The Ahliah school is a private, coeducational school in Beirut, Lebanon.

Mary Kassab School
In 1916, when the Ottoman authorities ordered the closing of foreign schools, Mary Kassab gathered in her home sixteen boys and girls who were enrolled at the British School and pledged to ensure their continuing education. Parents began to send their children to her, which became the nucleus of Ahliah School.

The following year, sixty students were enrolled, and Mary Kassab was authorized to open a national, non-denominational and coeducational school.

With the help of her brother Aziz and two of his friends, Boulos Khawli and Anis Makdissi, she formed a board of trustees. The board raised funds from Lebanese and Arab residents and Lebanese emigrants, and were able to purchase the present campus of Ahliah from the Scottish mission.

The school embraced the new scouting movement which included all Lebanese children and Alice Abkarios at Ahliah undertook the translation of the scouting rules into Arabic.

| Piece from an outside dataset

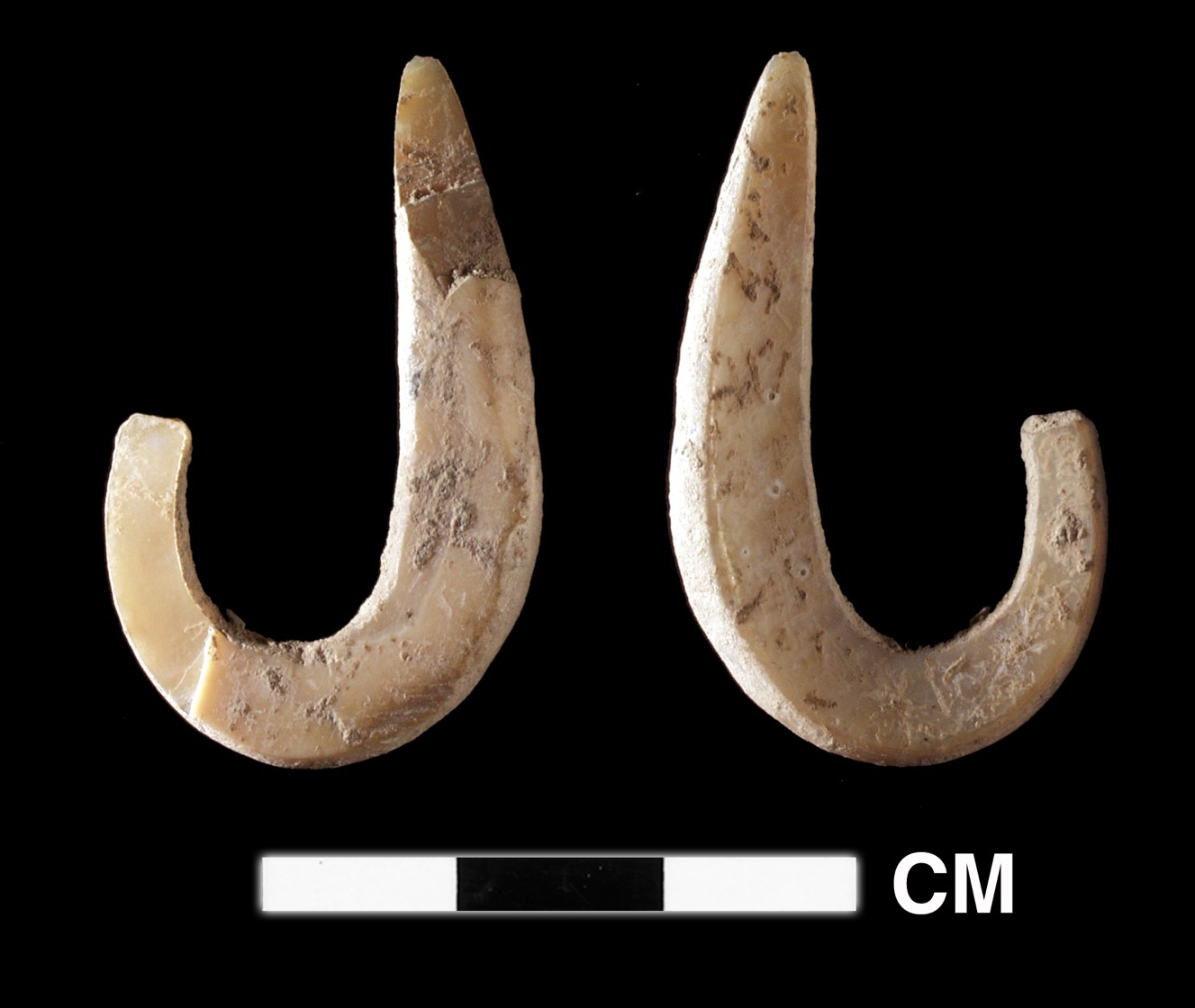 Figure 2. Shell fish hook recovered from the site of Lene Hara dating to 11,000 years ago. An earlier, less complete example was recovered from Asitau Kuru, indicating an early marine specialization for humans arriving on these islands.Photograph taken by Sue O’Connor.

The Mandate authorities tried to tighten their control over the school and in 1924 they ordered its closing. The students (predominantly girls) organized a rally and walked into the Government Palace to defend the cause of the school before the High Commissioner. The French authorities repealed the decision.

Al-Ahliah Girls’ College
In 1950, Mary Kassab School became Ahliah Girls’ College. Boys were admitted at the elementary level only. The second principal, Wadad Makdisi Cortas, took office in 1935.

A music academy was started, under the leadership of Alexis Boutros. Ahliah's choir represented Lebanon in many capitals of the world, with some one hundred performances on their record.

The Ford Foundation equipped the school's science laboratories as a model.

Al Ahliah School in Beirut
Situated in the heart of old Beirut, Al-Ahliah found itself at the center of battles during the Lebanese Civil War (1975–1990) and its buildings sustained heavy damage. The demography of the neighborhood changed dramatically, to include the families of the displaced. Its academic standards also suffered severely because of the departure of many of its faculty and students.

For the first and most violent two years of the war, al-Ahliah closed. It reopened in 1977, under the leadership of Mr. Nicholas Zayyat, previously a teacher of mathematics of senior classes at the school.

Throughout the war years, the main concerns of Mr. Zayyat together with other members of the school administration were to guarantee the security of students and to preserve the school's buildings and infrastructure. Unable to keep former academic standards, Mr. Zayyat was keen on continuing the humanitarian and patriotic mission of the school by providing education to the numerous severely disadvantaged students and to children of parents reduced by the war to becoming squatters in its vicinity, though often these parents were unable to pay full fees. Eventually wartime Al-Ahliah had 750 students enrolled. By this time it had become coeducational.

Despite the dangers and insecurities faced, the idea of moving the school from its historic location was repeatedly rejected by Al-Ahliah's Board of Trustees.

Post civil war improvements
After the war ended and the country settled back into peaceful times that also witnessed the rebuilding of downtown Beirut, the Board of Trustees of Al- Ahliah began reviving and modernizing its mission. A new principal, Dr. Najla Hamadeh, a graduate of the school's golden age and a member of its Board of Trustees, was appointed to execute its revival. During Hamadeh's tenure (1999–2005), Al-Ahliah accomplished the following:

 changes to the faculty and administration, which led to a considerable improvement in academic standards and services
 founding a renewed preschool that employed Montessori techniques and equipment
 refurbishing the school buildings, in accordance with Solidere criteria, together with renovation of science laboratories and preschool facilities
 closing down the French language section which had been created to satisfy war conditions and needs, in order to focus on building a strong English section, while retaining French as a strong third language
 founding an informary, two additional activity halls and a day-care for the infants of faculty and staff
 developing a center for students with psychological and educational needs and for remedial and individual academic support

Campus
The campus consists of two buildings purchased in 1916 from a Scottish mission. The buildings surround an inner courtyard, which serves as a school gathering place and offers space for sports and other activities. Ahliah's buildings were fully renovated in 2003–2004.

The main older building houses the administrative offices on the ground floor. The first floor was completely restored and includes the preschool and the resource room. The second floor has two assembly halls, the information technology lab and the iEARN conference room.

Ahliah's second building is a three-winged and three-storied structure equipped with an elevator. The infirmary and elementary school cafeteria are on the ground floor with the elementary classrooms, the teachers’ lounge and the library on the first floor. The second floor houses the middle school classrooms, the photocopy room, the Art room and the Science labs. The secondary school classrooms and teachers’ lounges, the technology lab and the dance hall are located on the third floor. The roof provides additional school-yard space for older students and a cafeteria, servicing secondary school students.